No constituye secreto alguno el hecho de que fue durante la era de Trujillo cuando se produjo la reivindicación de la controvertida figura de Pedro Santana, operación política e intelectual que comenzó ya en los albores de la dictadura cuando a mediados de marzo de 1931 sus restos fueron exhumados de la torre campanario de la Iglesia Catedral, donde reposaban desde 1890, para llevarlos hasta su tierra natal de El Seibo, iniciándose así lo que en el lenguaje florido  la prensa de la época se denominara “el magno juicio de las rectificaciones”.

No faltaron, por supuesto, destacadas figuras del pensamiento y de las letras que velada o abiertamente se opusieran a las acciones encaminadas por el régimen para reivindicar a Santana como fue el caso del atildado periodista y escritor Ángel Rafael Lamarche quien precisamente en marzo de 1931 cuando se trasladan sus restos al Seibo escribe un sugerente artículo titulado ¡En Silencio!,  en el cual, entre otras cosas, señalaba:

“¡La atenuación no es el homenaje! Llévenlo con respeto, si quieren, pero en silencio! que aún la palma es símbolo de martirio en las manos exangües de las vírgenes martirizadas; que todavía el viento del Sur, continental y ciclópeo, trae murmullos de la selvas de Río Negro”.

Es en este contexto apologético de Santana que cabe situar los enfoques con que varios intelectuales e historiadores que destacaron en la era de Trujillo procuraron explicar las razones que inspiraron al caudillo seibano la consumación del acto político de nuestra anexión a España.

Un caso significativo de entre ellos por su alto relieve intelectual, lo constituye Manuel Arturo Peña Batle, quien, no obstante reconocer que Duarte fue “ el verdadero y único fundador de la conciencia nacional dominicana”  al pronunciar en San Cristóbal el famoso discurso conmemorativo del primer centenario de nuestra primigenia Carta Magna, el 6 de noviembre de 1944, manifestó que: “…no podemos ver a Santana a través de un desdoblamiento imposible de su personalidad tan íntimamente consustanciada con la realidad dominicana de su época. Para mí es tan grande el Santana de la campaña libertadora como el Santana que hizo la anexión.
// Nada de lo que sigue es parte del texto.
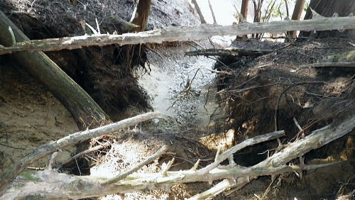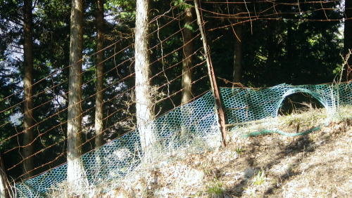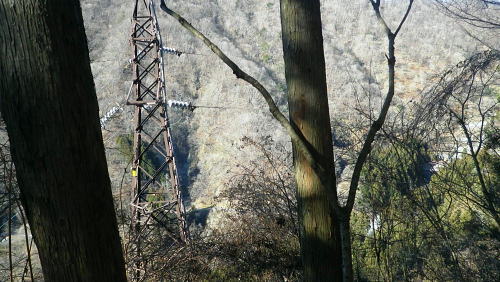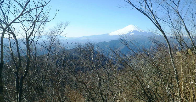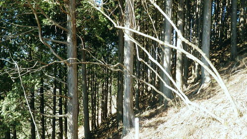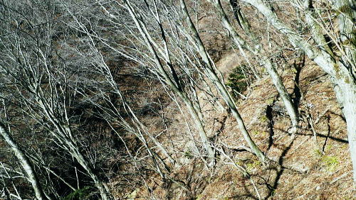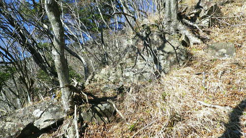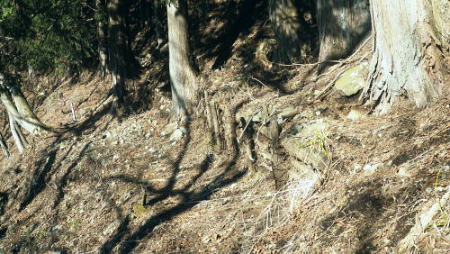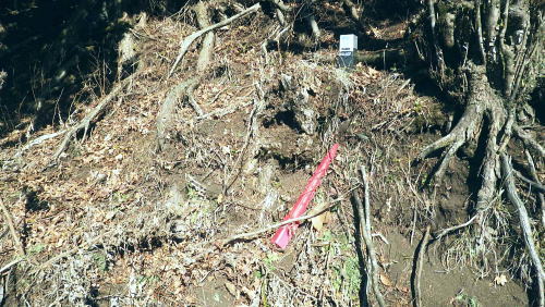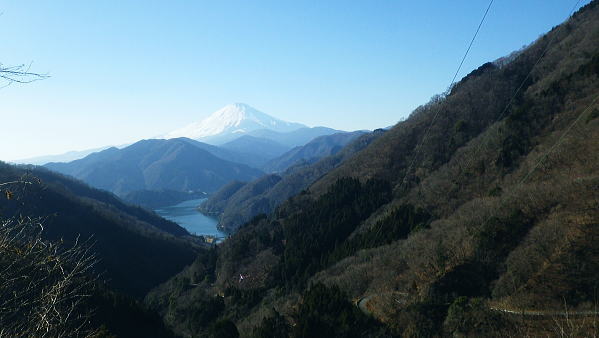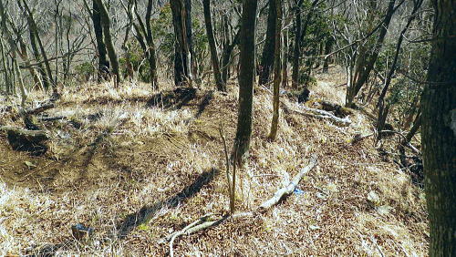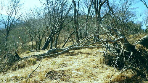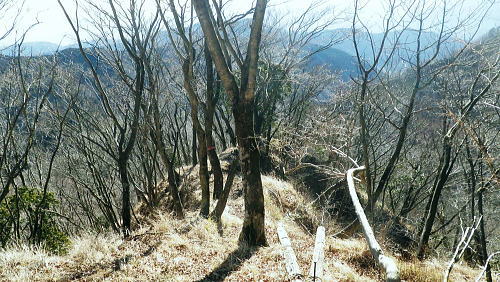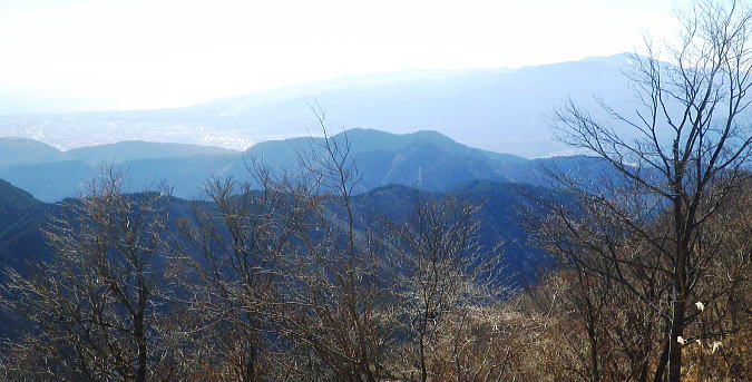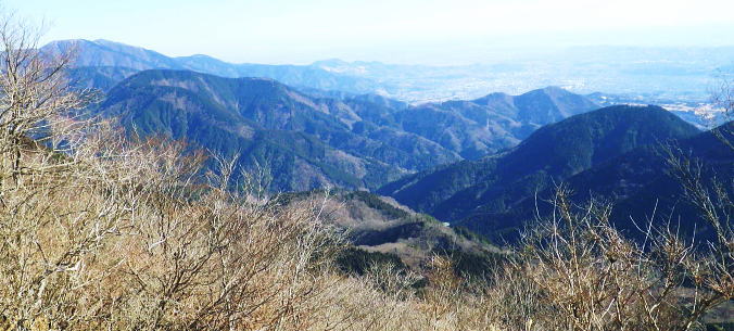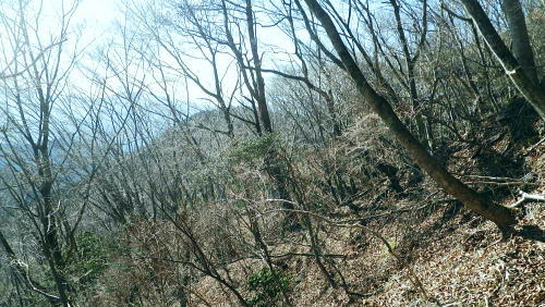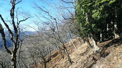 1086m点峰をV字に越える 田代沢ノ頭西斜面経路から1086m点峰南尾根を越え.田代沢ノ頭西斜面経路へ―後は小豆畑沢左岸尾根の山林管理道を下りた。 杉ノ沢経路から1086m点峰・・東尾根から南尾根 田代沢ノ頭西斜面経路から1086峰西尾根・・森林管理道・ヘリコプター 小菅沢の旧経道(落合線鉄塔管理道)を下る 中津川.杉ノ沢に隔てられた栗ノ木洞とシタンゴ山 1086m峰より.11:42シタンゴ山以外は過って歩んだ山並が続く 奥に連なる鍋割山稜.その先は塔ケ岳と木ノ又大日. 右に延びて大山から伊勢原.鶴巻.秦野. 中央は鍋割山南尾根が横切り栗ノ木洞から567m三角点峰・・横切る送電線は酒匂線.裾野は松田町。 手前は伊勢沢ノ頭南東尾根.720m圏コブ. 今回は右下の茂みに隠れたオンバク沢中間の南東尾根を詰め1086m峰に立っている。 御殿場線沿いの山々 山北町の山並高松山北尾根と町界尾根 暮れの22日には松田町と山北町との町界尾根と高松山南西尾根の山々を歩んでいる。・・後半 右上は箱根神山と明神山.左に長く延びる尾根の裾野が駿河平野・・肉眼では大島三原山.猿島に真鶴岬が望まれていた。 第六天.尺里峠.高松山と西峰.手前が西ノ尾と中央に見える新秦野線29号鉄塔。更に手前はシダンゴ山から連なる町界尾根になる。 1086m峰の南尾根 緩やかな南尾根の起伏.12:101086m峰南尾根から田代沢源頭経路を経て西尾根を下る 11:40(1086m峰).大21:10一12:34田代沢源頭北側経路分岐一12:52伊勢沢ノ頭南尾根分岐 一13:19(1086m峰西尾根上分岐)一13:50小豆畑左岸尾根取付き地点. 日影山,不老山世附権現山,重なる菰釣山 伊勢沢ノ頭南尾根より.12:23左遠方は盃牌岳と御前岳.右奥は南アルプス. 富士の前衛が不老山から続く三国尾根と右に綴る甲相尾根 日影山から秦野峠の稜 左下をアップ暮れの22日に歩んだ山北の山々・・前半 866m圏コブから920m圏コブに繋がる尾根で左下は秦野峠。尾根を隔てた左手.手前の谷が中津川杉ノ沢. 峠を越えた奥が皆瀬川ヘイソ沢。手前の谷間が小菅川田代沢。 トラバースを綴る分岐点 田代沢ノ頭西斜面経路分岐.12:34田代沢ノ頭西斜面旧経路分岐 伊勢沢ノ頭南尾根. 960m付近で田代沢源頭の北側経路に入る取付きを見付ける。 そして1086m峰から直進する登山道を分け.右後方に折れて細い荒れた経路に漸く入ることができた。 経路取付きはよく見定めると尾根筋の右側に薄青いテープが短く何点も枝や露岩.根に付けられていた。標柱類はない。 高度計を確り見定め.探せば分かる分岐. 踏み跡は右後方に綴られている。初めての人は探る気持ちをもたねば分からないかも知れない。 径路取付きから見下ろす南尾根田代沢本流右岸の源流流域 取付から急斜面のトラバース 幾度となく抉り取られた山腹道.12:38 12:43トラバースの要点・・今回は途中でルートを失いはしたが南尾根から径路にでるまでのトラバースは今回の一番険しい踏み跡になった。 薄い踏跡の上.土砂は何処も崩れ気味にあり.手でバランスを取る所も多い。枝沢なり窪地の横断は必ず先のルートを 見き分けてから横切ること。又要所にはテープが先を導き非常に助かっている。 分岐・・田代沢源頭からの旧経路 遠方は高松山.2:50秦野峠から田代沢ノ頭にでて北上する径路.痩せた岩稜で高度感あり. 分岐・・田代沢西斜面旧経路 水平径路の分岐.12:52田代沢ノ頭西斜面旧経路 分岐にでる。右に折れれば1086m峰西尾根の径.或いは伊勢沢ノ頭西斜面に続く経路.左は田代沢ノ頭から秦野峠分岐に繋がる南尾根。 今来たトラバースの踏み跡が伊勢沢ノ頭南尾根から秦野峠にもでてる。その先の秦野峠分岐を越えれば林道秦野峠にでる。 分岐・・北側は植林帯の境 森林帯が現れる分岐の境が又林層の境になっていた。植林帯の角地,山腹径路も自然林との境を綴っている。 分岐にでて.ホッとするほど確りした水平径路になっている。 林層の境を行く散策的な径路.12:52 抉られた溝窪.12:581086m峰西尾根にでるまでにある1ケ所の難場.この窪地は深く抉られていた。左側から右に移るが対岸正面は登れず。 窪底を少し奥に入り,這いでる木の根を利用して突き上げる。危険はないがやらしい所だった。 後は西尾根まで明るい眺望と自然林の境を楽しみながら歩む。 山北山地と西丹沢 13:00丹沢湖東岸が手元に見下ろされる。今回の山行の下山地点になる 古い昔の丸太の土留め.13:03小豆畑沢左岸尾根 1086m峰西尾根に乗る分岐.13:09西尾根分岐 この尾根の尖っ突き分岐.950m付近で左に折れ.小豆畑沢と田代沢に挟まれた尾根筋を末端まで下り林道秦野峠線に乗る。 鹿棚を潜り.そのまま伊勢沢ノ頭西斜面の旧径路を綴れば山神峠にでてる。ただその直前のガレは崩壊し.迂回を強いられた。 高巻きか.鉄塔管理道にでて峠に立つことになる。私には初めての地域,高巻きは浪費が多く.下るルートは難度が分からず外している。 本来は山神峠に回り込み.鉄塔管理道から蕗平橋を見下ろしながら林道へ降りたかった。 尾根を綴る山林管理道 分岐より下る西側の尾根筋.13:13尾根伝いに右脇に鹿柵の連なるのを見
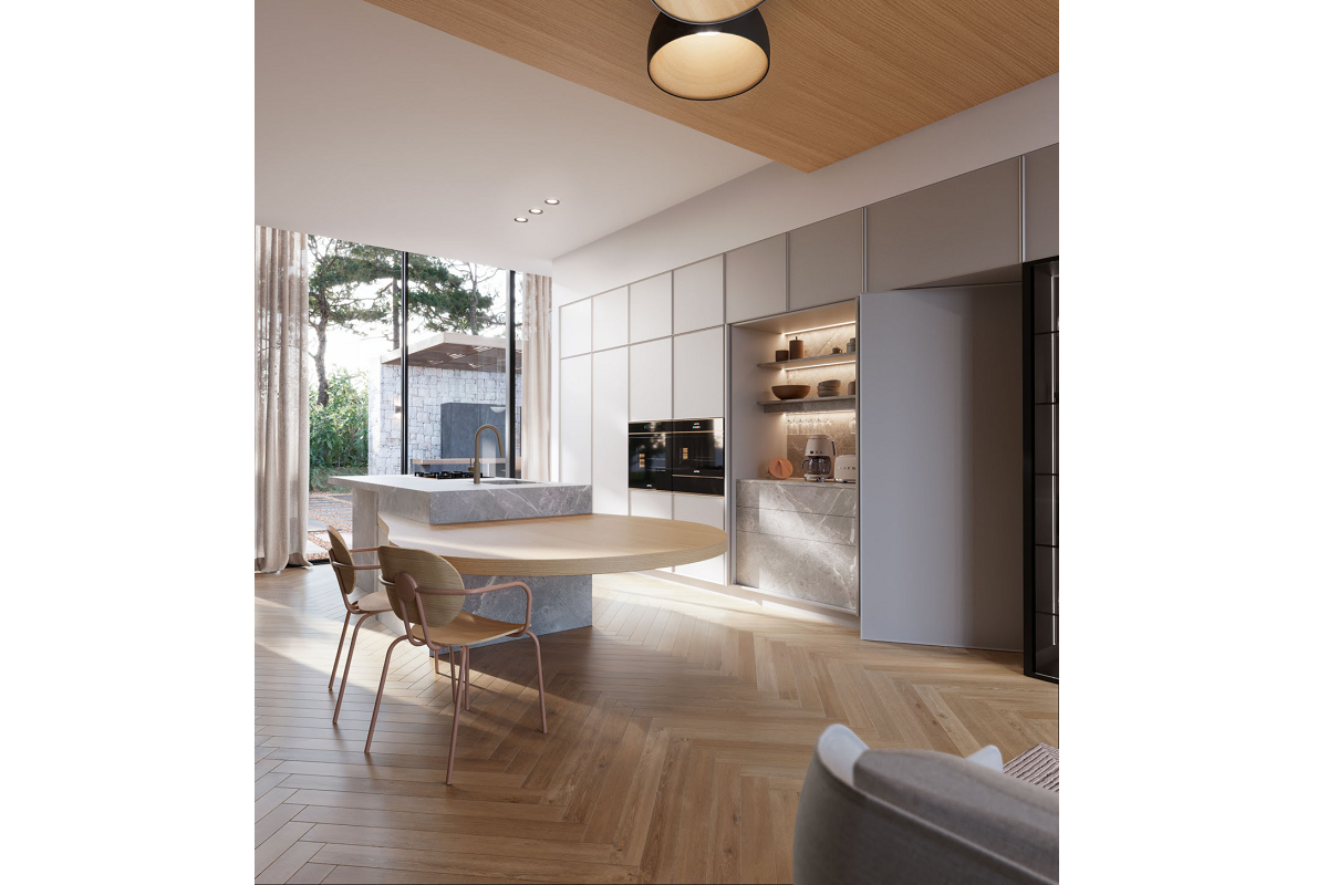 ROA, una cocina limpia, de líneas precisas y atmósfera relajante, donde nada distrae y todo fluye. Todo queda integrado, contenido, oculto tras superficies continuas que ordenan y calman la mirada. Tras esa aparente sencillez se despliega un universo funcional: un desayunador perfectamente iluminado, una despensa discreta y una lavandería oculta que ...
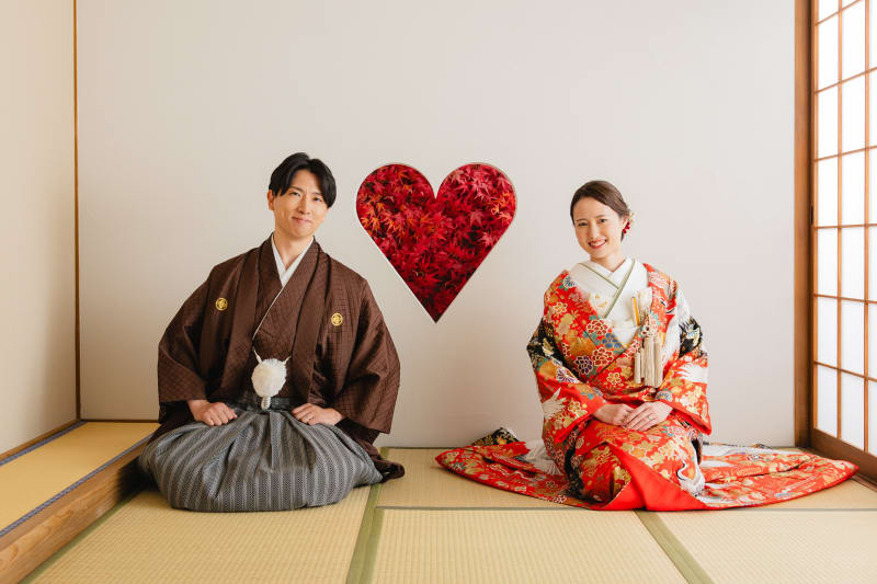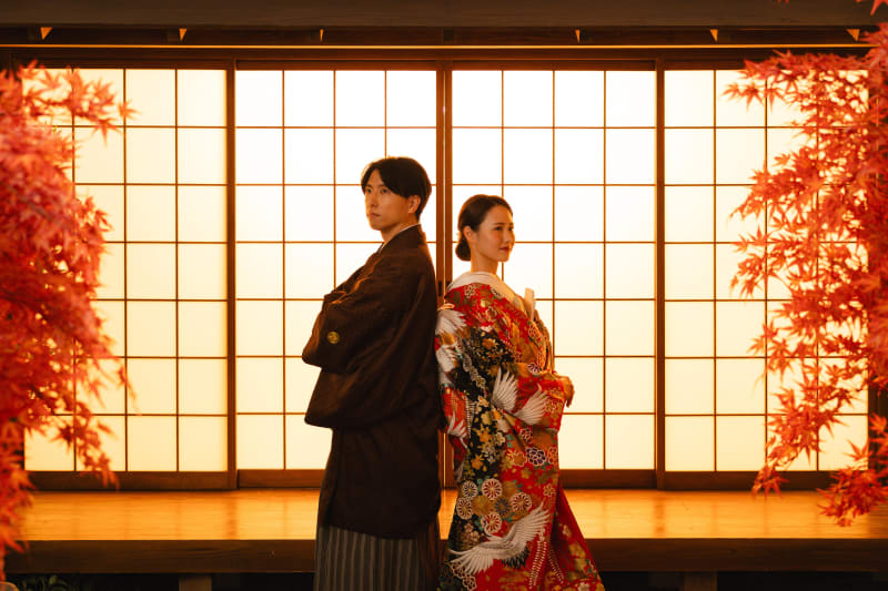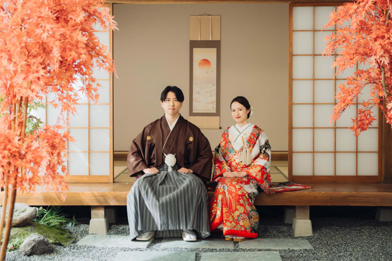 まずは紅葉で、縁側に座ってかっちりとした感じに。
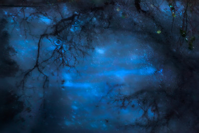 Отражение в луже с сыплющимся с неба снегом
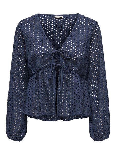 – czysta bawełna- dekolt: V- zapięcie: sznurowanie- talia: elastyczna- zakończenie rękawów: elastyczne- krój: taliowany- wzór: dziurkowany
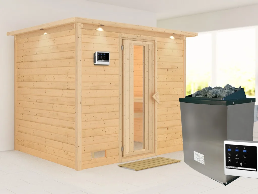 Bei dieser Innensauna ist ein Saunaofen mit einer externen Steuerung inklusive. Das Steuergerät wird außerhalb der Sauna angebracht. Auf diese Weise fängt schon vor dem Saunieren der Komfort an – mit einer bequemen Bedienung von außen und einer noch exakteren Temperatureinstellung. Weitere elektrische Geräte, wie die Kabinenbeleuchtung, können ebenso an die externe Steuerung angeschlossen und bedient werden.

Algún día aclararé este concepto”.

Cinco años después cumpliría su promesa de 1944 al escribir su extenso prólogo de la antología de Emiliano Tejera, en el tomo V de la Colección Pensamiento Dominicano, en 1949, precisamente año en que se cumplía el primer centenario de la Batalla de Las Carreras.

De lo expresado por Peña Batle en el referido prólogo, cabe citar unos párrafos esenciales:

Sobre la memoria de Pedro Santana y Familia se ha acumulado mucha injusticia. Generación tras generación los dominicanos hemos mantenido sobre aquella figura un juicio peyorativo que no se compadece con la función que cumplió en el drama de la independencia. A esto han contribuido posiblemente las opiniones de sus enemigos, como el General La Gándara, cuyo libro sobre Santo Domingo es parcial y muy enjuto de criterio.

Hasta ahora no se ha hecho un estudio psicológico de Santana ni se han enfocado con sentido objetivo su vida y su obra. Da miedo penetrar en el examen de la literatura antisantanista. Toda ella está plagada de retórica, lugares comunes y sutilezas. Su contenido es puramente declamatorio”.

Cuando Santana hizo la anexión a España tenía 61 años y hacía 17 que alternaba en el poder luchando al mismo tiempo contra los haitianos. Conocía como nadie las condiciones de estabilidad de la República. Político y guerrero de primer orden, en mi concepto mejor político que guerrero, o para hablar con más propiedad, guerrero en función de político, no pudo dar un paso como el de la anexión sino por vía intuitiva, presionado por circunstancias vitales y sin sujeción a ningún principio abstracto preconcebido; el de la independencia absoluta no había adquirido todavía carácter definitivo en la realidad dominicana. No hay duda posible de que Santana hizo la anexión con gran repugnancia personal.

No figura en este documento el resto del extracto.